EXTRACTED RECORDS
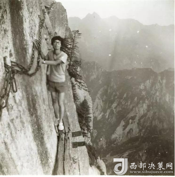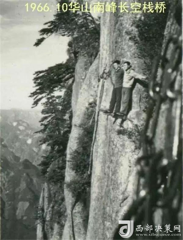 我照相的時(shí)候,一只手抓鐵鏈,一只手做動(dòng)作,身體是緊貼石壁。難得的是當(dāng)年一起去的一個(gè)女生給我照相,在我對(duì)面一樣危險(xiǎn),但女俠單手抓鐵鏈,整個(gè)身體外突懸在半空中,另一只手拿相機(jī)找一個(gè)最好角度給我拍照,我都替她擔(dān)心。——摘自網(wǎng)友2003年爬華山的游記
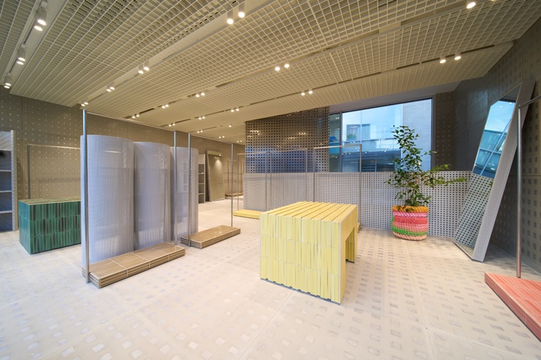 특히 ‘빛나는 청춘(Glittering Youth)’을 컨셉으로, 공간 안에 흩뿌려져 있는 반짝이는 젊음을 매장 중심을 관통하는 빛의 기둥과 그곳에서 떨어져 나온 광물들이 박혀있는 듯한 커스텀월로 구성된 공간을 비롯해 유약을 바른 타일, PVC와 3D 프린팅 기법을 이용한 오브제를 통해 표현했다.
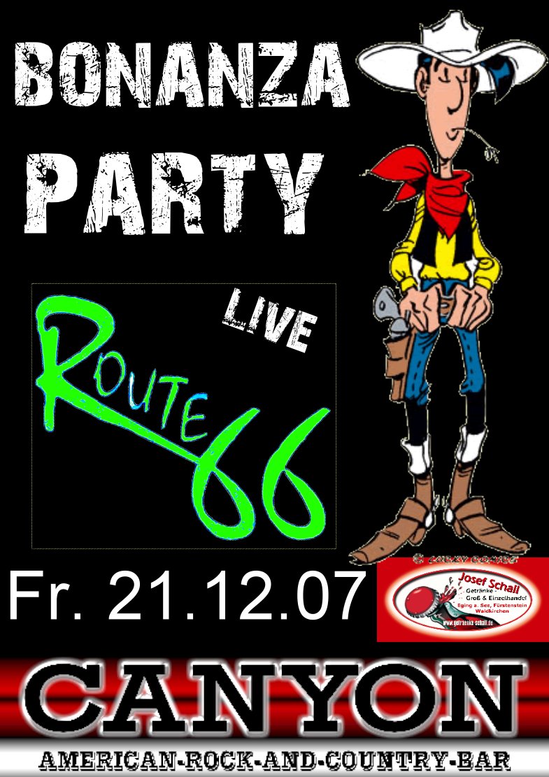 | CANYON AMERICAN BAR HAUZENBERG PRESENTS am Freitag 21.12.07 BONANZA PARTY in der Canyonbar Nun ja jeder kennt den Western Classicer Bonanza ! Den wollen wir wiederbeleben. D.h. wer mit Cowboyhut kommt (oder gleich im Westernoutfit) bekommt ein Pils gratis!!! (Es gelten natürlich auch die Salitoshüte) Für die absolut passende musikalische Umrahmung sorgen Route 66 die sich als Country-Rockband bereits in Pullman City und vor allem im ganzen Landkleis bereits eine top-Namen gemacht haben ! also es gilt Bonanza forever ! ACHTUNG: => Salitos weiterhin nur 2,50€ jedes 7. Salitos ist kostenlos! Beginn: um 20 Uhr Einlass: ab 18 Jahren wir freuen uns auf euch SEE YOU IN AMERICA |
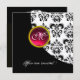 BLACK AND WHITE DAMASK MONOGRAM,red ruby,silver Invitation
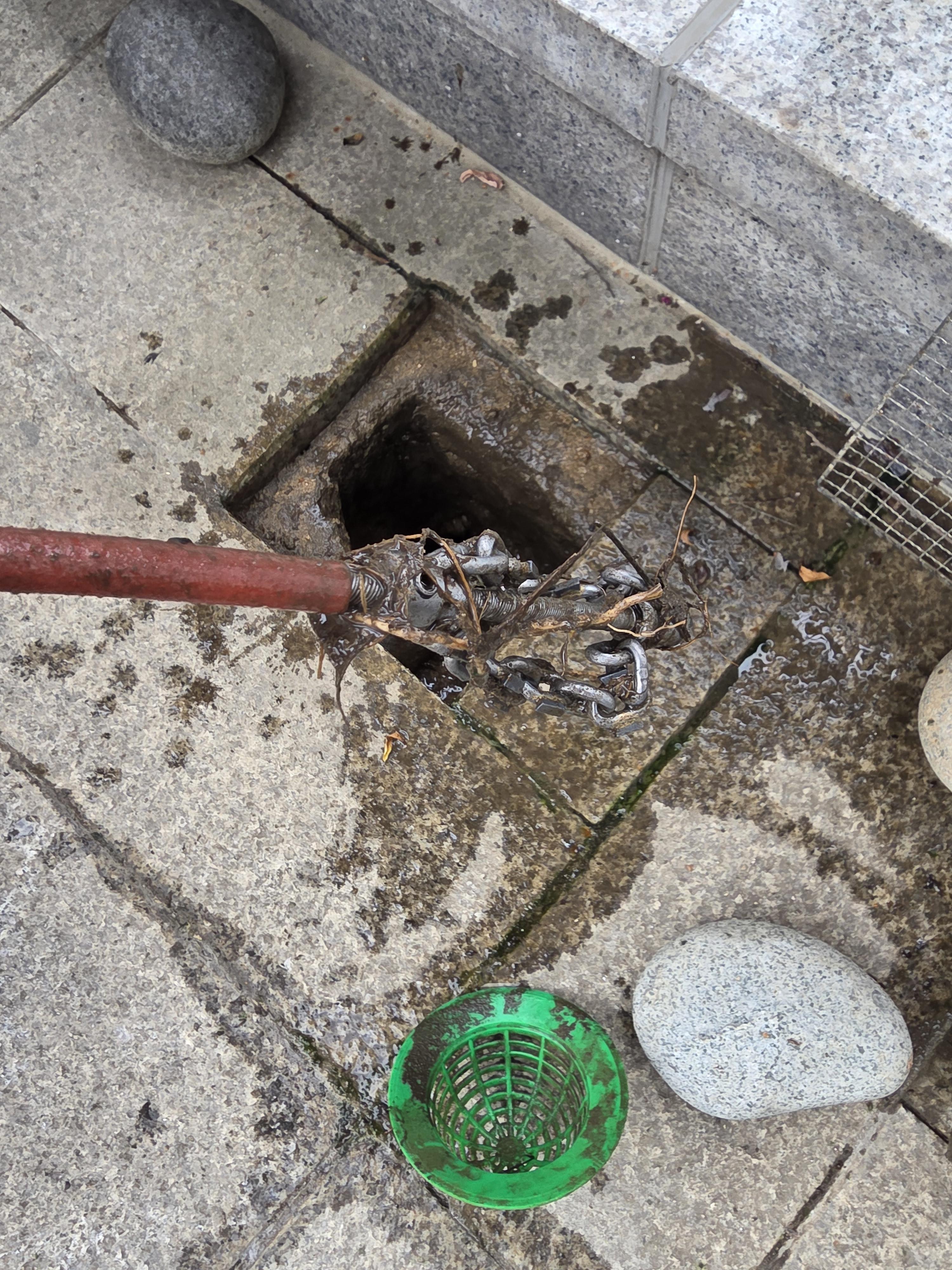 막힌 우수관을 뚫어 통수를 시켜 준 뒤

TASK INSTRUCTIONS
Write down exactly the lines running from the line with "BLACK AND WHITE" through the end of the material, both ends included, and none of the pictures.

ANSWER TO THIS TASK
 BLACK AND WHITE DAMASK MONOGRAM,red ruby,silver Invitation
 막힌 우수관을 뚫어 통수를 시켜 준 뒤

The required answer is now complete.